Con gestos de evidente nerviosismo y determinación, Bruenor se volvió hacia Hralien y, tras darle una palmada en el hombro, salió a paso rápido de la habitación con el elfo detrás. Sólo se detuvo para regañar a Nanfoodle:
—¡Y sigo pensando que es Gauntlgrym!
Nanfoodle miró, impotente, a Regis.
—Las posibilidades… —señaló el gnomo.
—Por lo que parece, todos vemos el mundo a nuestro modo —respondió Regis con un encogimiento de hombros que a Bruenor le pareció casi de desconcierto.
—¿Acaso ese hallazgo no es un ejemplo?
—¿De qué? —preguntó Regis—. Ni siquiera sabemos cómo ni por qué acabó.
—Drizzt ha dicho algo de la inevitabilidad del reino de Obould —le recordó Nanfoodle.
—Y Bruenor está obstinado en que no lo sea. La última vez que eché un vistazo, era Bruenor y no Drizzt el que comandaba el ejército de Mithril Hall y el que merecía el respeto de los reinos circundantes.
—Una guerra terrible se abatirá sobre nosotros —dijo el gnomo.
—Una guerra iniciada por el rey Obould Muchas Flechas —respondió el halfling.
Nanfoodle suspiró y miró los muchos pergaminos extendidos por la habitación. Fue preciso un gran autocontrol para no ceder al deseo de correr de mesa en mesa y convertirlos en polvo.
—Su nombre era Bowug Kr’kri —le explicó Regis a Bruenor, mostrándole al rey enano una nueva parte del texto descifrado.
—¿Un orco?
—Un filósofo y mago orco —replicó el halfling—. Pensamos que las estatuas que vimos en la biblioteca eran de él y tal vez de sus discípulos.

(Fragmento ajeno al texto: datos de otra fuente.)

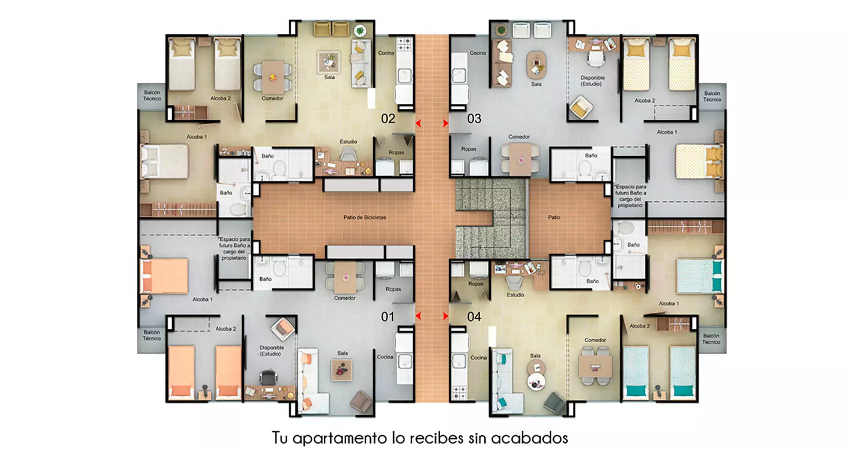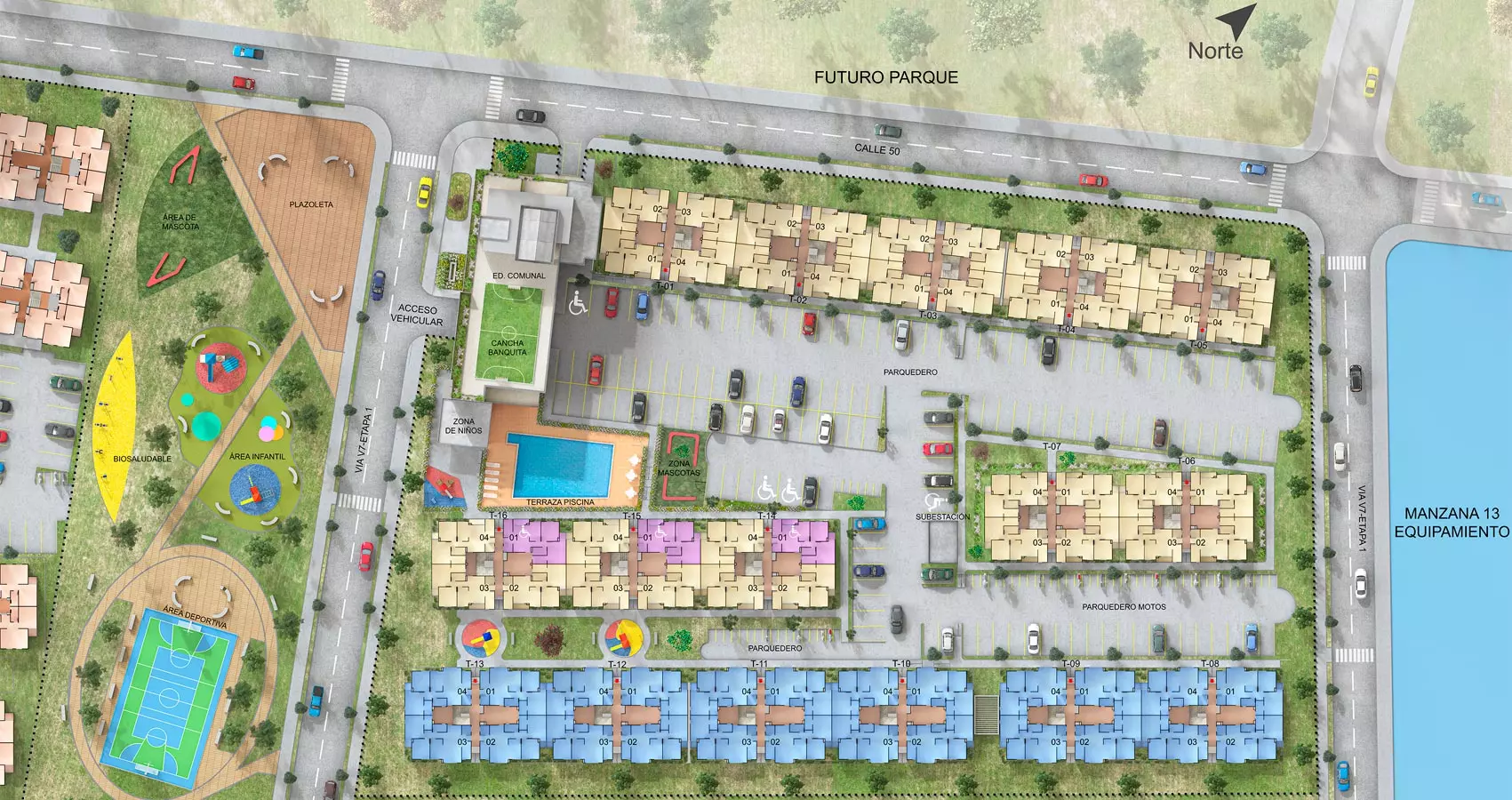 Este proyecto de apartamentos en conjunto cerrado, está conformado por torres de cinco pisos sin ascensor. Disfruta en familia de sus zonas comunes que incluyen piscina, gimnasio, salón social, terraza BBQ, salón de juegos, cancha de fútbol con medidas no reglamentarias, zona para mascotas y juegos infantiles. Adquiere tu apartamento con o sin subsidio de vivienda.
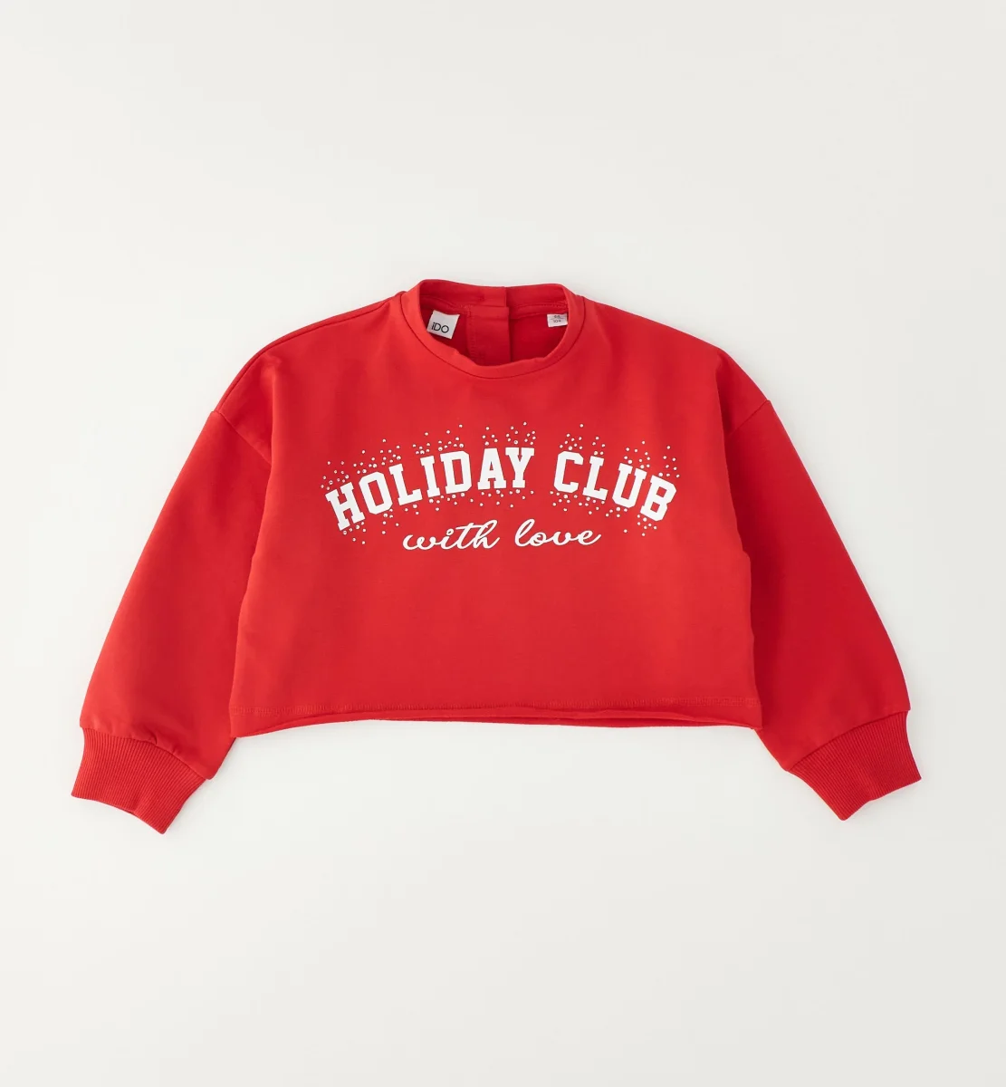 completo 3 pezzi bambina rosso con felpa crop e shorts โ€“ set coordinato dallo stile vivace e moderno composto da felpa corta con stampa lettering โ€œholiday club with loveโ€, t-shirt bianca con grafica cagnolino e scritta frontale e shorts rossi con vita elasticizzata. realizzato in morbido cotone, offre comfort e libertร  di movimento per il tempo libero e le giornate estive. perfetto da indossare insieme per un look grintoso e coordinato oppure da abbinare separatamente ad altri capi casual della stagione.

—¿Fue él, entonces, el que trajo a los orcos a la ciudad enana?
—Eso creemos.
—Vosotros dos pensáis mucho para responder tan poco —gruñó Bruenor.
—Sólo tenemos unos cuantos textos antiguos —replicó Regis—. Todo sigue siendo un acertijo.
—Conjeturas.
—Especulación —dijo Regis—, pero sabemos que los orcos vivieron allí con los enanos, y que Bowug Kr’kri era uno de los líderes de la comunidad.
—¿Alguna conjetura más precisa sobre cuánto tiempo duró la ciudad? Habéis dicho que siglos, pero yo no me lo creo.
Regis se encogió de hombros y meneó la cabeza.
—Tuvieron que ser varias generaciones. Ya has visto las construcciones, y la lengua.
—¿Y cuántos de esos edificios fueron construidos por los enanos antes de que los orcos llegaran? —preguntó Bruenor con una sonrisa taimada.
Regis no tenía respuesta para eso.
—¿No podría haber sido un reino enano arrebatado por confiar en los malditos orcos? —preguntó Bruenor—. ¿No podría tratarse de enanos necios que asimilaron demasiado de la lengua orca para tratar de ser mejores vecinos para esos perros traicioneros?
—No pensamos…
—Pensáis demasiado —interrumpió Bruenor—. Tú y el gnomo estáis más entusiasmados por encontrar algo nuevo que por saber la verdad. Si seguís encontrando más de lo mismo, es sólo eso, más de lo mismo. Pero si encontráis algo que os haga abrir tanto los ojos como para acabar con el trasero en el suelo, entonces será algo con que empezar.
—No hemos inventado esa biblioteca, ni las estatuas que hay dentro de ella —sostuvo Regis, pero se topó con la expresión más obstinada que hubiera visto jamás.
Por supuesto, no estaba seguro de que el razonamiento de Bruenor fuera equivocado, porque era verdad que Nanfoodle y él estaban haciendo bastantes conjeturas. Aún faltaba encajar muchas piezas para completar el rompecabezas. Todavía no habían completado los contornos del laberinto, y mucho menos los detalles interiores.
Hralien entró en ese momento en la habitación, respondiendo a una llamada de Bruenor.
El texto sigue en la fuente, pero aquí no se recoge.